YOUR GOAL:
For the data below, transcribe the part that opens with the line containing "2025年四季度聚酯产业链呈" and closes with the line containing "Wenn man hin", exactly and with no pictures.

INFORMATION GIVEN:
== Segment start ==

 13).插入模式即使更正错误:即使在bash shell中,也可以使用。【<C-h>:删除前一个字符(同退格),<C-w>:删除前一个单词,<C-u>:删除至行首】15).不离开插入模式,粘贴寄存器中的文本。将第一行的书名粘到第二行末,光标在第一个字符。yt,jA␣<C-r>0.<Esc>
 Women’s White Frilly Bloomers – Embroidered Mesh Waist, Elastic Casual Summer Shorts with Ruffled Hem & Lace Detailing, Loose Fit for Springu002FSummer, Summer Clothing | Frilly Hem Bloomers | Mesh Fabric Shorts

== Segment end ==
== Segment start ==

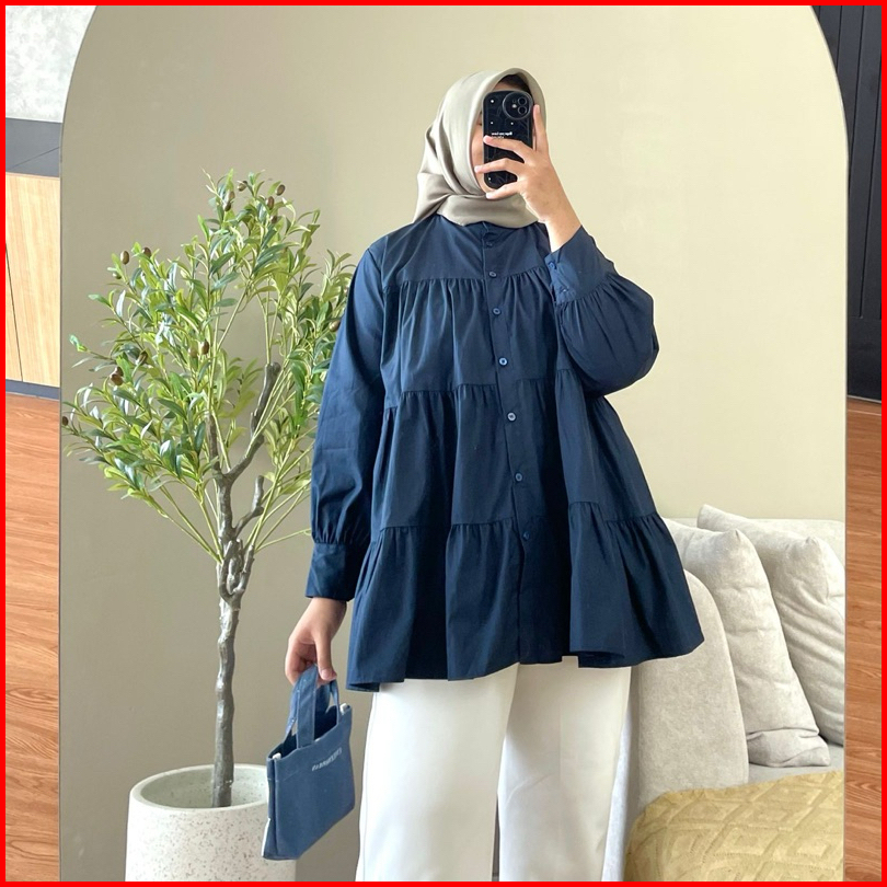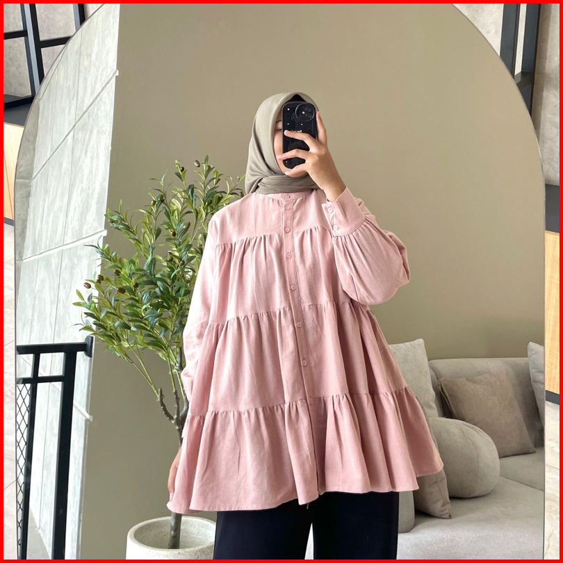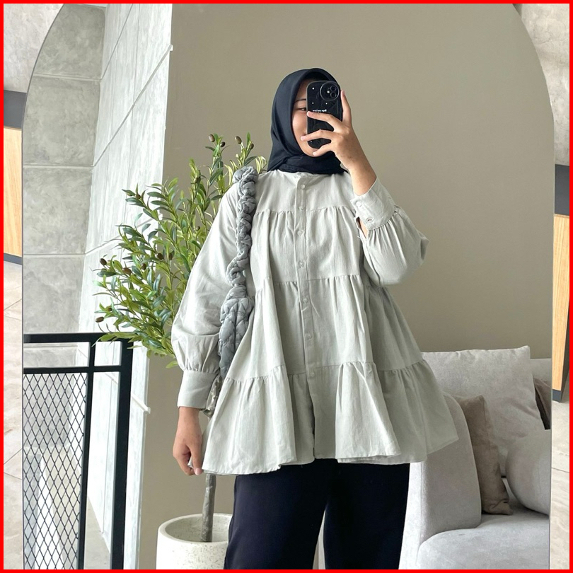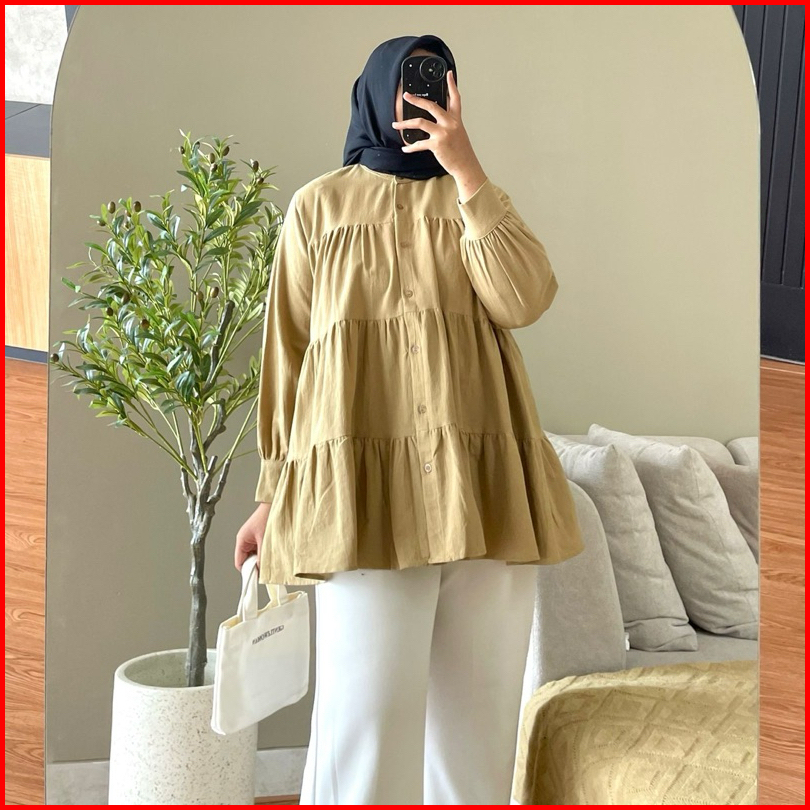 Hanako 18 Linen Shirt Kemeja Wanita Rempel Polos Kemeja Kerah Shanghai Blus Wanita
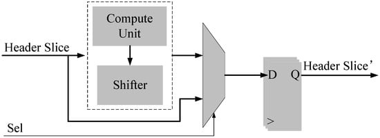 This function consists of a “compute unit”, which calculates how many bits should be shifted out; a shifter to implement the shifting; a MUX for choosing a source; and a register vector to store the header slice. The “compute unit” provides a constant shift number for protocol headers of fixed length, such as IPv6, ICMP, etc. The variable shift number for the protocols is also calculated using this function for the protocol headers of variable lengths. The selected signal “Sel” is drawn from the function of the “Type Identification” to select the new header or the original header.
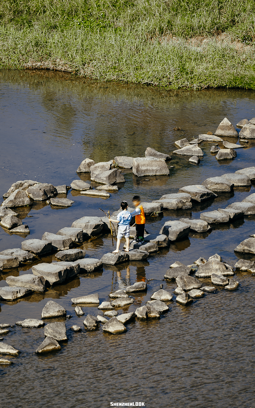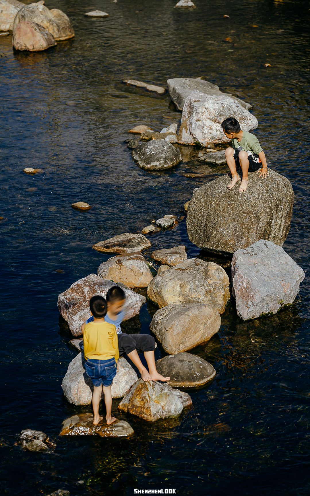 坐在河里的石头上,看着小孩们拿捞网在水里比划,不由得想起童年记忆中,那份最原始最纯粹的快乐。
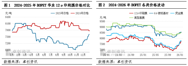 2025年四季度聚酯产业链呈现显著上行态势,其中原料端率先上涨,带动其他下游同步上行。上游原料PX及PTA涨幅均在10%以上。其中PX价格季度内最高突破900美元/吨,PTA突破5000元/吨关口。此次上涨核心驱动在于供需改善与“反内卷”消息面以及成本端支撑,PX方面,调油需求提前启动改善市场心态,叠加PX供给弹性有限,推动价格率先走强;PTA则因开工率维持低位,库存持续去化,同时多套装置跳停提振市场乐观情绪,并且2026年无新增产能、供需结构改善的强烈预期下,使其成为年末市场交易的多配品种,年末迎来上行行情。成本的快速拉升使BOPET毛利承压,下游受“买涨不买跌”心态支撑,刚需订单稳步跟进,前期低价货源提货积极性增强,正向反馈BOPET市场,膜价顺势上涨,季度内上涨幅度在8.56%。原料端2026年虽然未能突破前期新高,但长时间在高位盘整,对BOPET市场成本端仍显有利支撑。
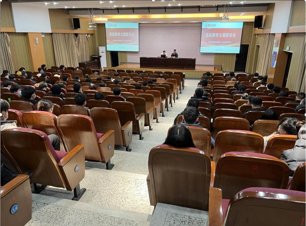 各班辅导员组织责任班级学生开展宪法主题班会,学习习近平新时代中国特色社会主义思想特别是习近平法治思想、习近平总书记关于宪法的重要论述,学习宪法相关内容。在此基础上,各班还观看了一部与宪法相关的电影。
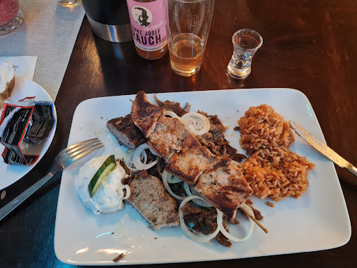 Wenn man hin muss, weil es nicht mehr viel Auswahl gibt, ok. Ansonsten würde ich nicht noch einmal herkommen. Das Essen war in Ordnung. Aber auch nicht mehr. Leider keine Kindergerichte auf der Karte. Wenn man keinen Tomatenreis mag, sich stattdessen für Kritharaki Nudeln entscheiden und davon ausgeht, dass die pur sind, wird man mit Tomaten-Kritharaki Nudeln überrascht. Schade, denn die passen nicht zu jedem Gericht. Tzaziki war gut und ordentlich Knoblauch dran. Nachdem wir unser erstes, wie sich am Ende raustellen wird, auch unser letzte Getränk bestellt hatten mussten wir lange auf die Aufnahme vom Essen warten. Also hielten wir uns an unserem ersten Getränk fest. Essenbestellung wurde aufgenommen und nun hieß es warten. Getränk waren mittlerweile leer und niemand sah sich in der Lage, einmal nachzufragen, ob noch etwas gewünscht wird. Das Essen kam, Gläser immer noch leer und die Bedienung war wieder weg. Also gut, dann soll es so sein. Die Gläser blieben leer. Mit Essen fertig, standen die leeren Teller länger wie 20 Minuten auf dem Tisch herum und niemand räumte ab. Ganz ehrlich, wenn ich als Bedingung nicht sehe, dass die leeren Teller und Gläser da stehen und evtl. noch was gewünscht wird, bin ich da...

== Segment end ==
== Segment start ==

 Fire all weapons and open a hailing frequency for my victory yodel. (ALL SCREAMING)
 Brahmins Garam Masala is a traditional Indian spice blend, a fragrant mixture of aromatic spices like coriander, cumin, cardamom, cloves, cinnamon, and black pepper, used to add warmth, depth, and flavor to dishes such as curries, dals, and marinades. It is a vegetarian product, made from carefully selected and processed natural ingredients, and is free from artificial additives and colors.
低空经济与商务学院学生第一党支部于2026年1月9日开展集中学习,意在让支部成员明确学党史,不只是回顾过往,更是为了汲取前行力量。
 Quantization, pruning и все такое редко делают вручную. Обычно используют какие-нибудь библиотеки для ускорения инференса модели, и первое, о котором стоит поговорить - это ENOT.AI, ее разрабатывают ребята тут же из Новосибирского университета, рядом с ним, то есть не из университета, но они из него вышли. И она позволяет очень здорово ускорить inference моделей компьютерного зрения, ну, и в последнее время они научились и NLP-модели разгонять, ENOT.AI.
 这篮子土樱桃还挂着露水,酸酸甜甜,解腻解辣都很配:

== Segment end ==

EXPECTED ANSWER:
 2025年四季度聚酯产业链呈现显著上行态势,其中原料端率先上涨,带动其他下游同步上行。上游原料PX及PTA涨幅均在10%以上。其中PX价格季度内最高突破900美元/吨,PTA突破5000元/吨关口。此次上涨核心驱动在于供需改善与“反内卷”消息面以及成本端支撑,PX方面,调油需求提前启动改善市场心态,叠加PX供给弹性有限,推动价格率先走强;PTA则因开工率维持低位,库存持续去化,同时多套装置跳停提振市场乐观情绪,并且2026年无新增产能、供需结构改善的强烈预期下,使其成为年末市场交易的多配品种,年末迎来上行行情。成本的快速拉升使BOPET毛利承压,下游受“买涨不买跌”心态支撑,刚需订单稳步跟进,前期低价货源提货积极性增强,正向反馈BOPET市场,膜价顺势上涨,季度内上涨幅度在8.56%。原料端2026年虽然未能突破前期新高,但长时间在高位盘整,对BOPET市场成本端仍显有利支撑。
 各班辅导员组织责任班级学生开展宪法主题班会,学习习近平新时代中国特色社会主义思想特别是习近平法治思想、习近平总书记关于宪法的重要论述,学习宪法相关内容。在此基础上,各班还观看了一部与宪法相关的电影。
 Wenn man hin muss, weil es nicht mehr viel Auswahl gibt, ok. Ansonsten würde ich nicht noch einmal herkommen. Das Essen war in Ordnung. Aber auch nicht mehr. Leider keine Kindergerichte auf der Karte. Wenn man keinen Tomatenreis mag, sich stattdessen für Kritharaki Nudeln entscheiden und davon ausgeht, dass die pur sind, wird man mit Tomaten-Kritharaki Nudeln überrascht. Schade, denn die passen nicht zu jedem Gericht. Tzaziki war gut und ordentlich Knoblauch dran. Nachdem wir unser erstes, wie sich am Ende raustellen wird, auch unser letzte Getränk bestellt hatten mussten wir lange auf die Aufnahme vom Essen warten. Also hielten wir uns an unserem ersten Getränk fest. Essenbestellung wurde aufgenommen und nun hieß es warten. Getränk waren mittlerweile leer und niemand sah sich in der Lage, einmal nachzufragen, ob noch etwas gewünscht wird. Das Essen kam, Gläser immer noch leer und die Bedienung war wieder weg. Also gut, dann soll es so sein. Die Gläser blieben leer. Mit Essen fertig, standen die leeren Teller länger wie 20 Minuten auf dem Tisch herum und niemand räumte ab. Ganz ehrlich, wenn ich als Bedingung nicht sehe, dass die leeren Teller und Gläser da stehen und evtl. noch was gewünscht wird, bin ich da...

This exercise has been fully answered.